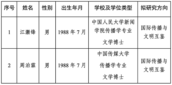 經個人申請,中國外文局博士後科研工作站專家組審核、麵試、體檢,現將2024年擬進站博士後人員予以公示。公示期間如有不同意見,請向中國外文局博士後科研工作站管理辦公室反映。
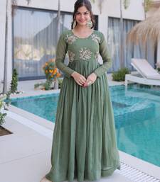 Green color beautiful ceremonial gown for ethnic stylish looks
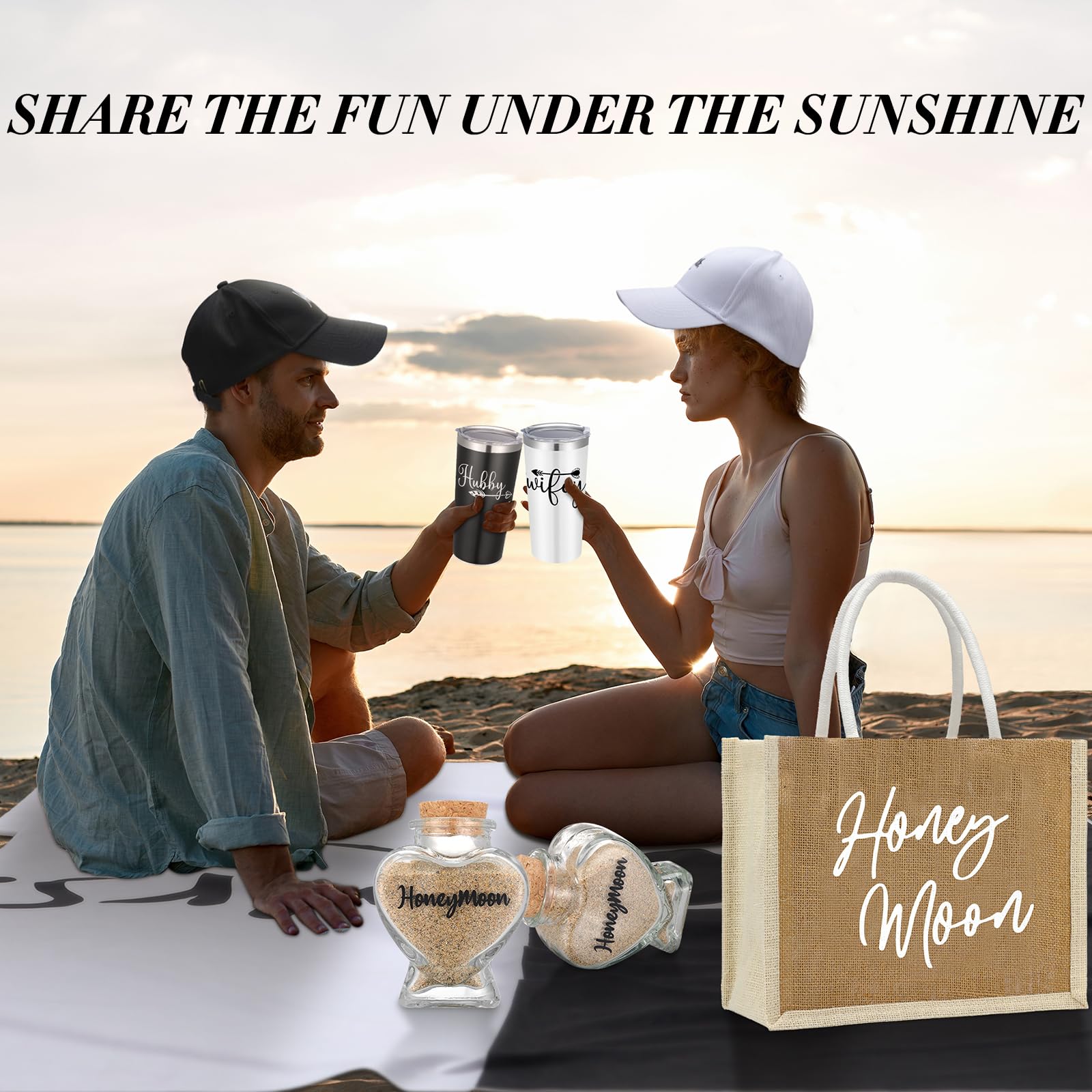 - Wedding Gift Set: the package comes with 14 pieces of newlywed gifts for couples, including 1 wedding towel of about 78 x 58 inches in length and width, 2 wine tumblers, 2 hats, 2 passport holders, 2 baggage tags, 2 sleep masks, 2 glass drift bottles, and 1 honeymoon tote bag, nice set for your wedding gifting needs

########################################

EXERCISE: Your answer must be an exact copy of the data above, minus its pictures.

SOLVED EXERCISE:
 經個人申請,中國外文局博士後科研工作站專家組審核、麵試、體檢,現將2024年擬進站博士後人員予以公示。公示期間如有不同意見,請向中國外文局博士後科研工作站管理辦公室反映。
 Green color beautiful ceremonial gown for ethnic stylish looks
 - Wedding Gift Set: the package comes with 14 pieces of newlywed gifts for couples, including 1 wedding towel of about 78 x 58 inches in length and width, 2 wine tumblers, 2 hats, 2 passport holders, 2 baggage tags, 2 sleep masks, 2 glass drift bottles, and 1 honeymoon tote bag, nice set for your wedding gifting needs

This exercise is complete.